Только… гордость, преданность и нежность
Никогда не будут
На весах…

«Делайте, как я говорю, и не делайте, как я делаю» – основополагающий моральный принцип «эпохи застоя» был чужд ему предельно. И эпоха ответила на это полной взаимностью.

Поэзия Матиевского. Совершенно сознательно, отнюдь не из стилистических соображений говорю «поэзия». Девальвация этого слова в современном языке очевидна. «Поэзия Блока» и «поэзия Сидорова» (Иванова, Петрова) сосуществуют. Ощутима только как бы количественная разница: так, если «поэзия Блока» имеет потенциал в 95 неких условных «поэтических единиц», то «поэзия Петрова» (Иванова, Сидорова) заключает в себе полторы или две, но точно такие же «единицы». Хотя совершенно ясно, что существуют «поэзия Блока» и «стихи Иванова» (Петрова, Сидорова) – ни в какие количественные отношения между собой не вступающие. И вот, отдавая себе самый трезвый отчёт, говорю: поэзия Матиевского.

В своей самой программной и одновременно итоговой поэме «На круги своя» он писал:

Твой идеал: или пришлец извне,
Или
Кровосмешенье всех поэтов
При Боге или Сатане…

Не впервые в русской поэзии нашего века высказывалась подобная мысль. В 20-е годы о «преодолении односторонности поэтических школ» громогласно заявляли конструктивисты, параллельно в Петрограде ученик Гумилёва по «Цеху поэтов», оригинальный и совершенно забытый ныне Сергей Нельдихен формулировал идеи «литературного синтетизма». Правда, спустя полвека, в середине 70-х, вроде бы и не было уже никакой нужды преодолевать односторонность поэтических школ, ибо таковых в дружной «стране Поэзия» по определению не было – и быть не могло. Тем не менее оставался богатейший и противоречивый опыт русской поэзии первой трети века – существовал уже не как противостояние различных школ, но скорей как множество индивидуальных стилевых оппозиций. И само наличие такого опыта предполагало (и предлагало) выбор одного из трёх различных путей.
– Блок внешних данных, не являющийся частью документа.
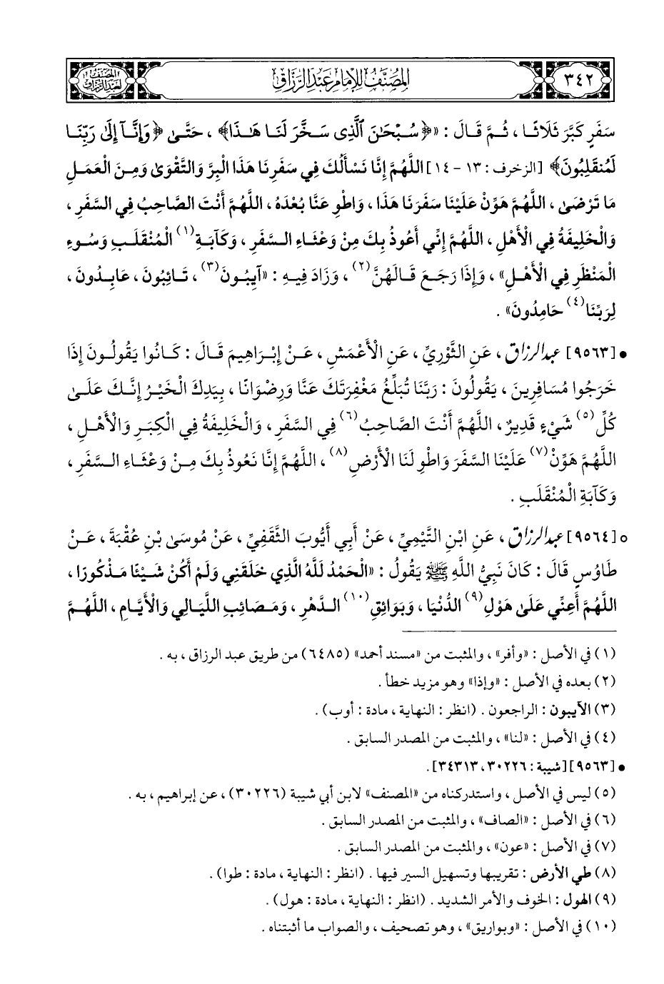 • [٩٥٦٣] عبد الرزاق، عَنِ الثَّوْرِيِّ، عَنِ الْأَعْمَشِ، عَنْ إِبْرَاهِيمَ قَالَ: كَانُوا يَقُولُونَ إِذَا خَرَجُوا مُسَافِرِينَ، يَقُولُونَ: رَبَّنَا تُبَلِّغُ مَغْفِرَتَكَ عَنَّا وَرِضوَانًا، بِيَدِكَ الْخَيْرُ إِنَّكَ عَلَى كُلِّ (¬٥) شَيءٍ قَدِيرٌ، اللَّهُمَّ أَنْتَ الصَّاحِبُ (¬٦) فِي السَّفَرِ، وَالْخَلِيفَةُ فِي الْكِبَرِ وَالْأَهْلِ، اللَّهُمَّ هَوِّنْ (¬٧) عَلَيْنَا السَّفَرَ وَاطْوِ لَنَا الْأَرْضِ (¬٨)، اللَّهُمَّ إِنَّا نَعُوذُ بِكَ مِنْ وَعْثَاءِ السَّفَرِ، وَكَآبَةِ الْمُنْقَلَبِ.

Первый из них – «верное следование» одной из традиций (в идеале преследующее цель «перетерентеть Терентьева», говоря словами ещё одного полузабытого поэта 20-х годов). Второй путь – механическое соединение тех или иных стилевых элементов, своего рода «прибавление дородности Ивана Павловича к развязности Балтазар Балтазарыча». И наконец, имеется третий путь: поиск органического стиля (литературный синтетизм, «кровосмешение») – попытка снятия противоречий «односторонних поэтических школ» на новом уровне поэтического мышления. Понятно, что подобный синтез под силу только таланту. Более того, это, наверное, единственный способ «появления на свет» крупного поэта.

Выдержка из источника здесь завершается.